Parent’s Paying for Their Children’s Tuition With Taxes?

“Many former students, who took out loans to get through college, are finding it hard to pay the money back. Lenders are tightening up on the scholars too. And the Bush Administration is so alarmed at the thought of all the college keg parties that might be canceled; it has proposed to buy student loans from the lenders.

“Where will it get the money, you ask? From taxpayers, of course. Who are the taxpayers? The parents of the students, obviously. Then, why not let the parents keep their money and pay for their own children’s education?”

– The Daily Reckoning

This is what I like to call “Inverted Economics”. The professional community explains the issue one way while the classical economists laugh at its complexity.

Why do we pay taxes for things we may otherwise pay for ourselves?

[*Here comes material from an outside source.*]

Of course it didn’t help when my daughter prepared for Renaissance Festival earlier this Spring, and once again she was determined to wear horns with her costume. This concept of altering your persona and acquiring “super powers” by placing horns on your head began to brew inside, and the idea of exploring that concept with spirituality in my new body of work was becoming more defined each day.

If there was need for a major highway, I would understand. No individual or business would want the burden, and besides, it would often be unprofitable. So we pool together our funds, give it to the government as a joint account to build roads for us. This contribution, or “social investment” if you will, is called “taxes”.

But what happens when we can otherwise pay for such things? Eventually taxes will be necessary to fund an ongoing war, a trade deficit and an exorbitantly high standard of living. Maybe in this case families with kids in college perceive themselves too foolish to personally hassle with the funds of tuitions and ask of the Government bureaucrats to instead just send them the bill, albeit in their tax form. [Unfortunately though, the country is shared by all and the bill will also be such].

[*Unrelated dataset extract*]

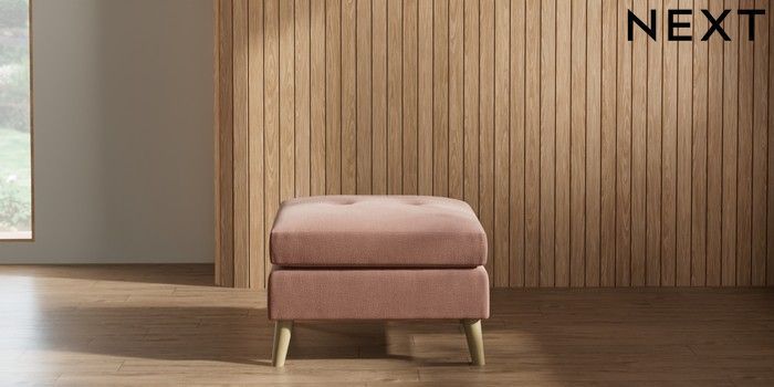 7.2.10 Wilson Buttoned Back Footstool Relaxed Linen Look Light Rust Brown Retro Tapered - Light | Made Click here to use our website with more accessibility support, for example screen readers

Classical economics dating back to Adam Smith in the late 1770s, with history as its guide, has shown that all trade eventually comes full circle. The smart creditors who offer services to those in good standings, get paid. The foolish ones who cared more about their interests than their safety are taught the valuable lessons of risk and reward for the future, while their funds are handed, through the “invisible hand”, to those who will treat it with more respect, reserve and humility.

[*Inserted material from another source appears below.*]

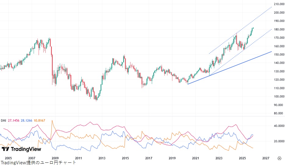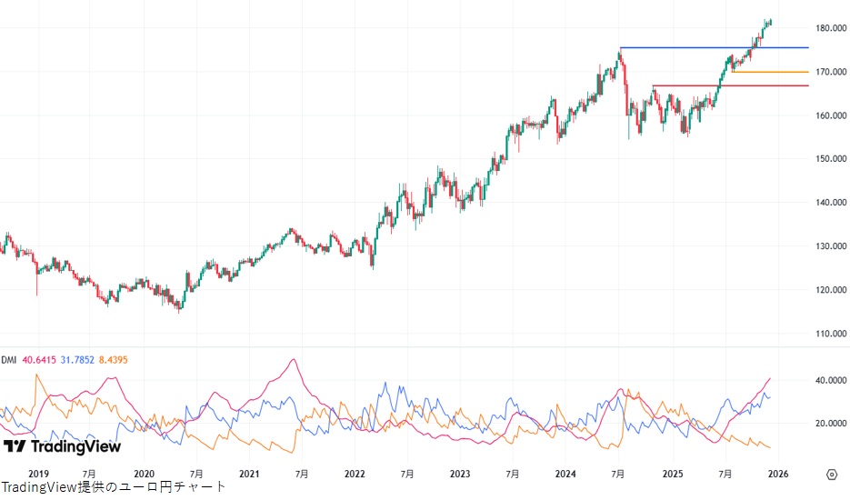 昨年7月につけた175.43円を上抜けて、足もとでは182円台までユーロ導入来の高値(史上最高値)を更新。チャート下部に追加した「DMI」で確認しても+DI>DI(上昇トレンド)、トレンドの強さを示すADXも急伸しており、現状がはっきりとした上昇トレンドであることが示されています。

In the book “Economics in One Lesson”, Henry Hazlitt puts together the case that many economists today focus on short-term instances as oppose to also looking at the long-term effects, and on a specific group, without also considering the consequences, or rewards, of many groups, or to the economy as a whole.

Investing should be no different. We must always look beyond the horizon and pat attention to what the headlines may tell us tomorrow, not just what they “gibber” today.

Thus our multi-year investments still stand unscathed and unchallenged by the gyrations of both news, nuisances and markets.